A method and apparatus is disclosed for measurement of the electrophoretic mobility of particles and molecules in solution. A sample of particles is placed in a 
cell containing two electrodes that apply an alternating 
electric field. A monochromatic 
light beam passes through the sample. Light scattered by the particles, along with the unscattered beam, is collected and collimated as it exits the 
cell. This beam is combined in 
free space with a phase modulated 
reference beam. The interference forms a frequency modulated 
speckle pattern, which is detected by a 
photodetector array. Each 
array element collects a 
narrow range of well-defined scattering angles.

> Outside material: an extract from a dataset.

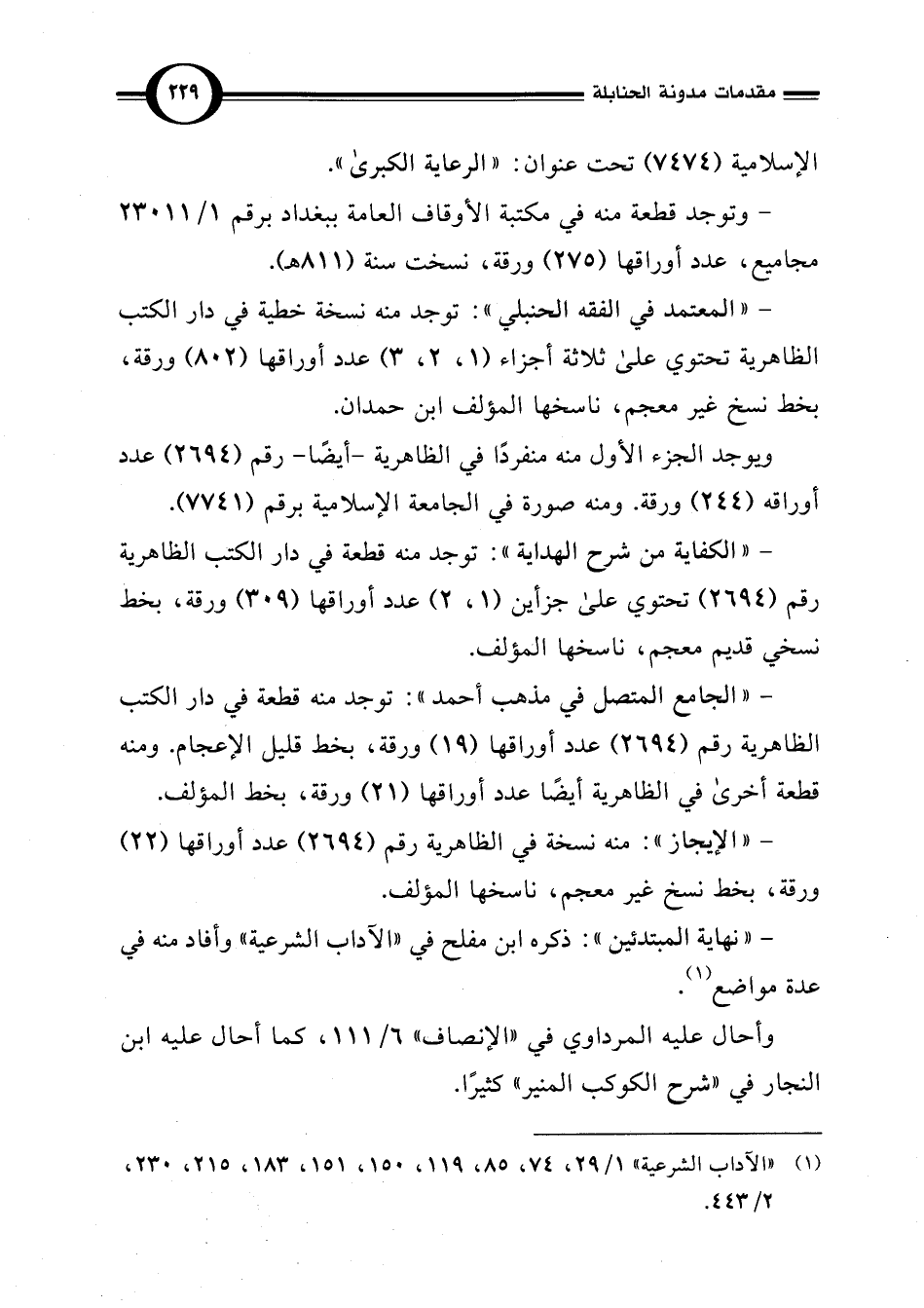 (¬1) "الآداب الشرعية" 1/ 29، 74، 85، 119، 150، 151، 183، 215، 230، 2/ 443.
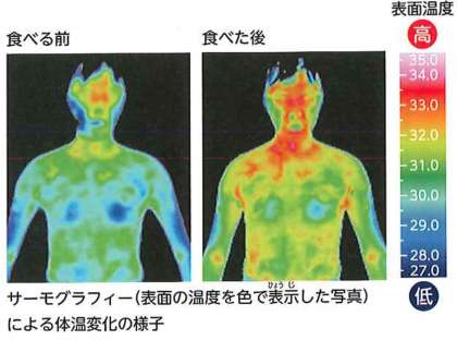朝食を食べる前と食べた後の,体の表面の温度です。

The 
signal from each is demodulated to extract the optical phase information providing a first-principle measurement of the electrophoretic mobility of the scattering particles. Each 
detector element provides a simultaneous independent measurement. This inherent parallelism drastically increases the amount of information available in a given time. The resulting increased sensitivity extends the mobility measurement to particles below one nanometer, reduces the required concentration and 
electric field compared to previous methods. This minimizes damage to fragile samples, increases the 
electrode useful life, and reduces 
joule heating. Electrophoretic mobility is a critically important parameter for predicting the stability of 
nanoparticle suspensions and pharmaceutical formulations such as 
protein therapeutics. This invention enables reliable free-
solution phase measurement of these samples.